Ich habe mich frei geschlafen.

Am Ende des zweiten Tages voller Kopfschmerzen vom Koffeinentzug hatte ich schon das Aufgeben eingeplant, war dann aber zu müde, um was zu essen und schlief wieder ein. Am Morgen des dritten Tages war es da; das Fasten-Hoch. Die rosarote Wolke umhüllte mich und plötzlich ergab alles einen Sinn.

Ich hatte an diesem Tag mehrere Termine eingeplant inkl. Mittagsdates. Termine, um über potenzielle Aufträge zu sprechen. Und es wurde der Anfang einer unglaublichen Woche. Ohne einen genauen Plan gehabt zu haben, sondern nur eine fixe Idee im Kopf und ein paar Gespräche, steht nach einer Woche ein relativ konkretes Geschäftsmodell und jeden Tag kommen neue Impulse, alte Kontakte, neue Möglichkeiten hinzu. So dass ich plötzlich abends lieber den Arbeits-, als den Nähplatz wähle, weil arbeiten wieder so unglaublich viel Spaß macht. Ich bin mein eigener Chef, ich gehöre jetzt zu denen „da draußen“ und habe jeden Tag Möglichkeiten vor mir liegen, aus denen ich wählen kann.
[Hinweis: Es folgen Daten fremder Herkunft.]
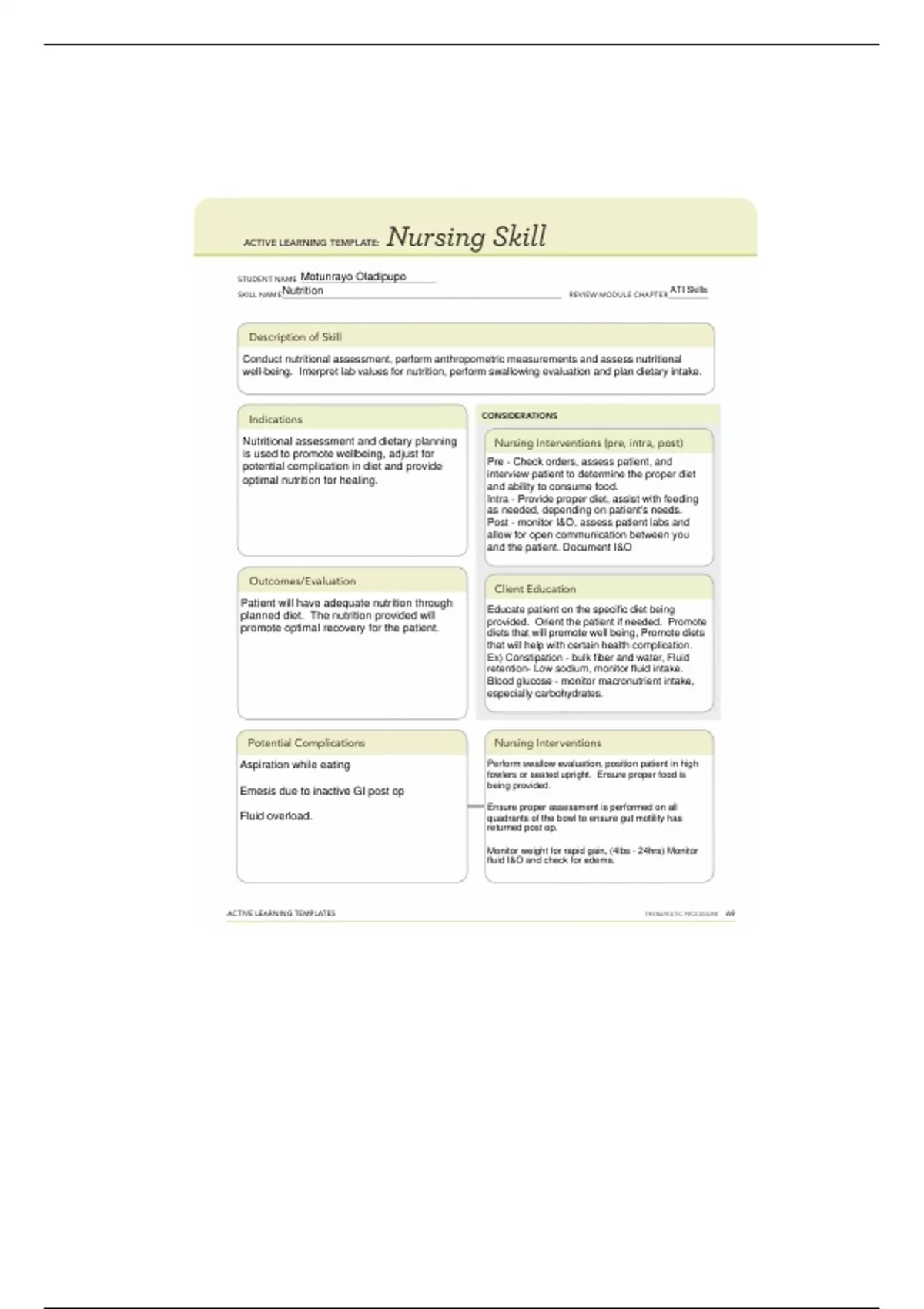 Nutritional assessment and dietary planning Nursing Interventions (pre, intra, post)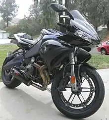 In 2009, Buell announced production of the 1125RR, also a race-only motorcycle.[42] The bike was internally called the B2, aimed for the supersport market.[11] Built from the 1125R, the 1125RR changes include a titanium exhaust, magnesium wheels, full fairings and a chain drive.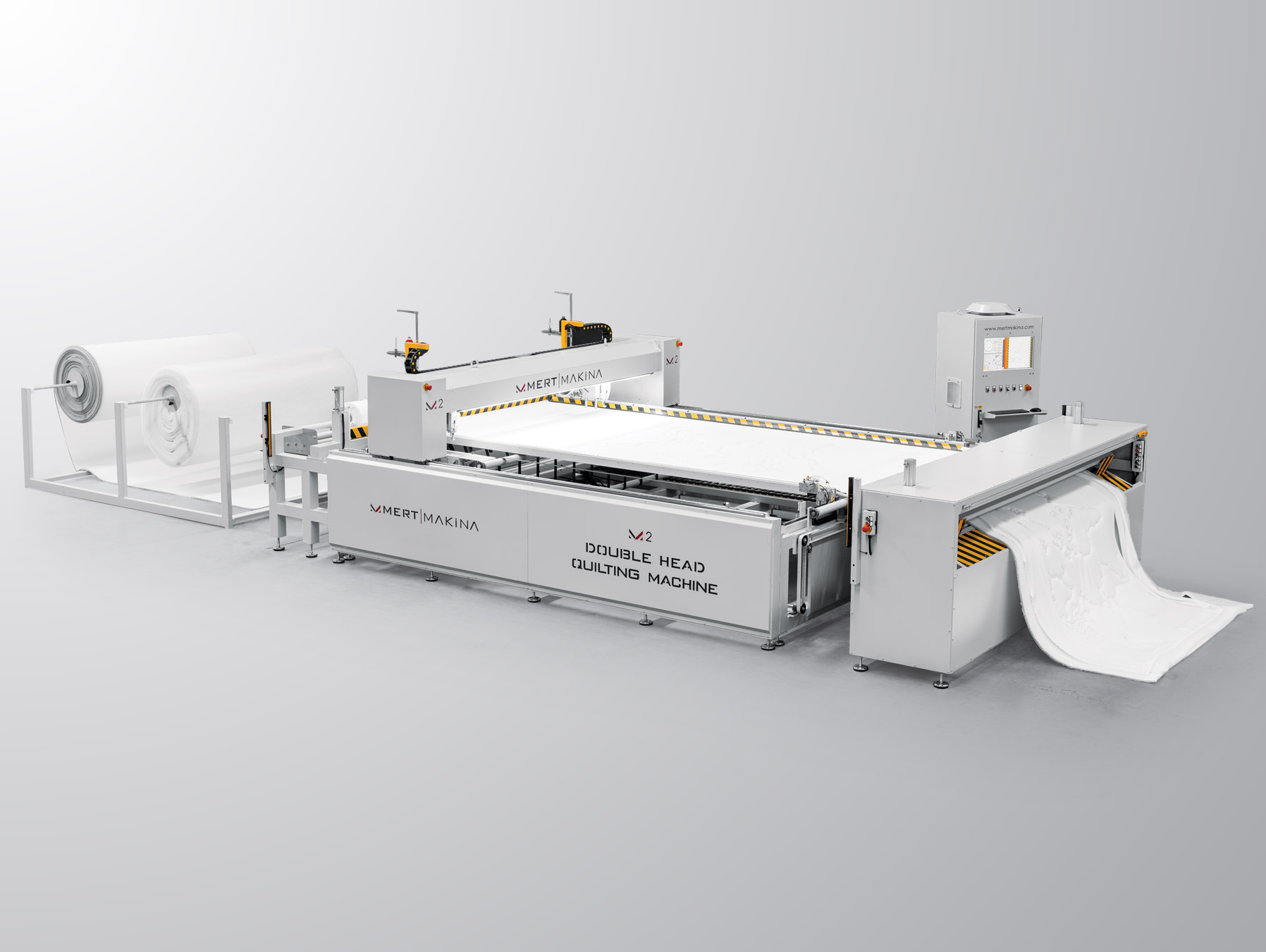 Mert Makina sizlere dünyanın en hızlı rulo beslemeli makinası olan M-2 Çift Kafa Kapitone Makinasını sunmaktan gurur duyar. Yıllardır kapitone makinası üzerindeki edindiğimiz tecrübeler ile üretmiş olduğumuz makinamız 3500 devir hızında sürekli dikiş yapabilme kabiliyetine sahiptir. Dürkopp Adler 867 dikiş makinaları ile kalın ve ince malzemelerde mükemmel dikiş kalitesi sunar. Latex, visco, sünger, memory foam, deri, yün gibi malzemelerde hatasız dikiş özelliği bulunmaktadır. Güçlü şasesi sayesinde uzun yıllar hatasız çalışabilir. Özel olarak geliştirmiş olduğumuz en ve boy kesim sistemi sayesinde milimetrik kesim yapabilir. Yatak, ev tekstili, mobilya ve otomotiv sektörü için özel olarak tasarlanmış makinamız dünyanın en hızlı makinası olması sayesinde sektörde en çok kullanılan makinadır.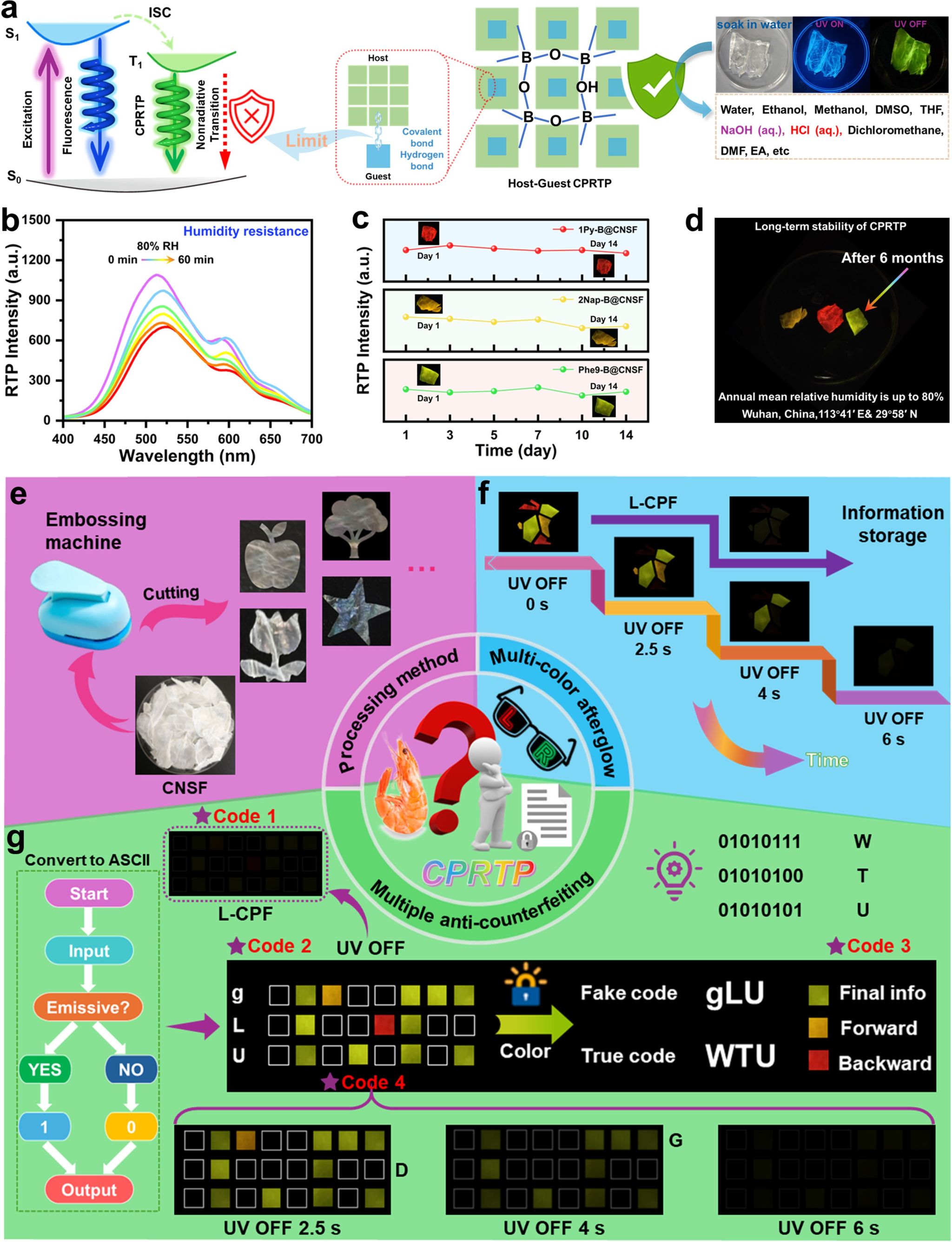 Particularly noteworthy is that even after prolonged immersion in harsh hydrophilic environments such as acidic, alkaline, or saline solutions, or exposure to various organic solvents, this composite film exhibits no significant quenching. It maintains excellent stability for up to six months while retaining outstanding flexibility and convenient processability. Leveraging these unique advantages, we have successfully developed a multi-level anti-counterfeiting encryption system based on QR codes and binary encoding. This system leverages multiple optical “codes” inherent to the material—including fluorescence, long-lived phosphorescence, circular polarization properties, and time-dependent afterglow—to achieve high-security information encryption (Figure 2). This research not only pioneers a novel pathway for high-value utilization of shrimp shell waste but also fully demonstrates the resource value of biomass-based CPRTP materials, laying the foundation for their further application in chiral photonic devices and related fields.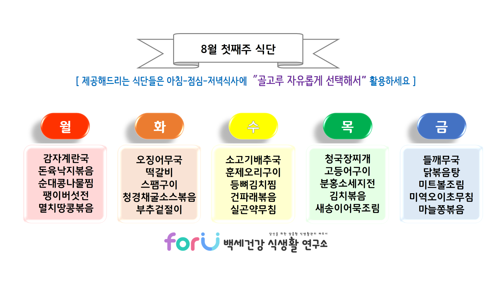 8월의 시작도 저희 'for U 백세건강 식생활 연구소'와 함께해주셔서 감사합니다.
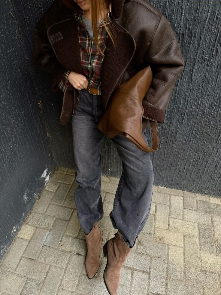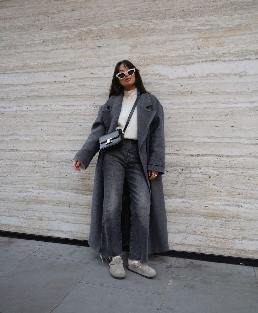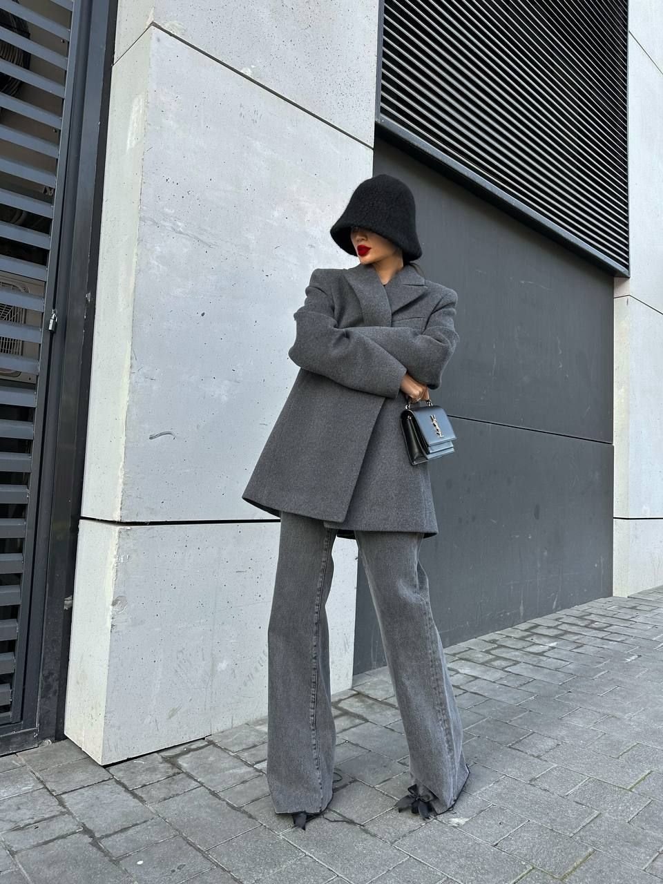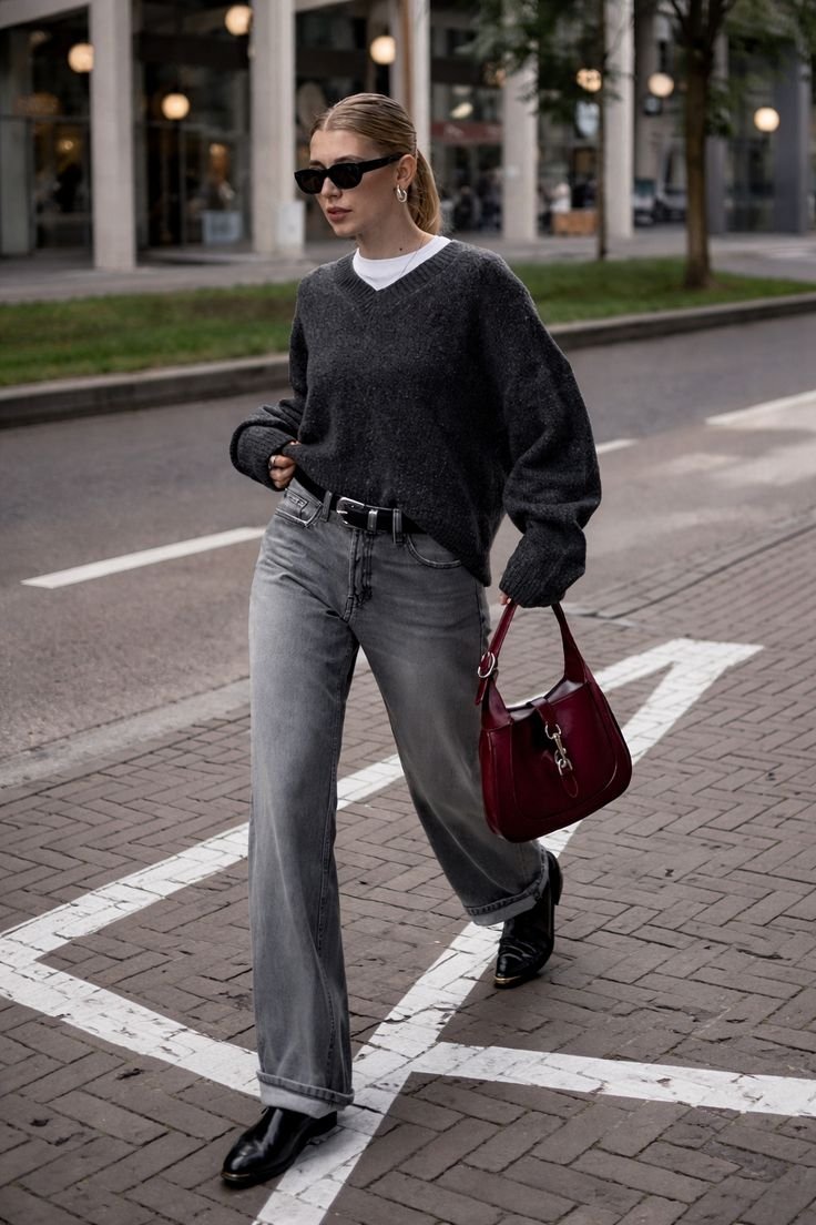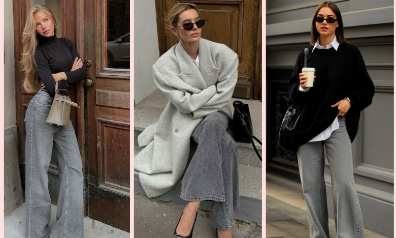 Как и с чем носить серые джинсы в 2026 году? Особенно эффектно такой деним сочетается с объемными силуэтами — массивными бомберами, длинными пальто, фактурными свитерами.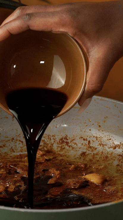 Low Sodium Soy Sauce. Provides umami and saltiness while keeping the sauce balanced.

Alles Tun scheint plötzlich ein Kann und kein Muss mehr zu sein.

Ja, ja, es ist ja erst eine Woche und ich stecke voller Euphorie, die ich hier heute einfach mal loswerden muss, damit ich mich später, wenn nichts mehr neu und aufregend ist, die Aufträge fehlen und das Geld knapp wird, an diese ersten Tage der Selbstständigkeit zurück erinnere. Und ein Teil bleibt eh sehr skeptisch, ob das alles wirklich so einfach gehen soll. Kommt da nicht bald eine Krise, die mir den stinkenden Mittelfinger zeigt? Werden die Kinder krank? Passiert irgendwas unerwartetes? Oder ist es einfach der Anfang von der logischen Konsequenz meines gesamten bisherigen Schaffens?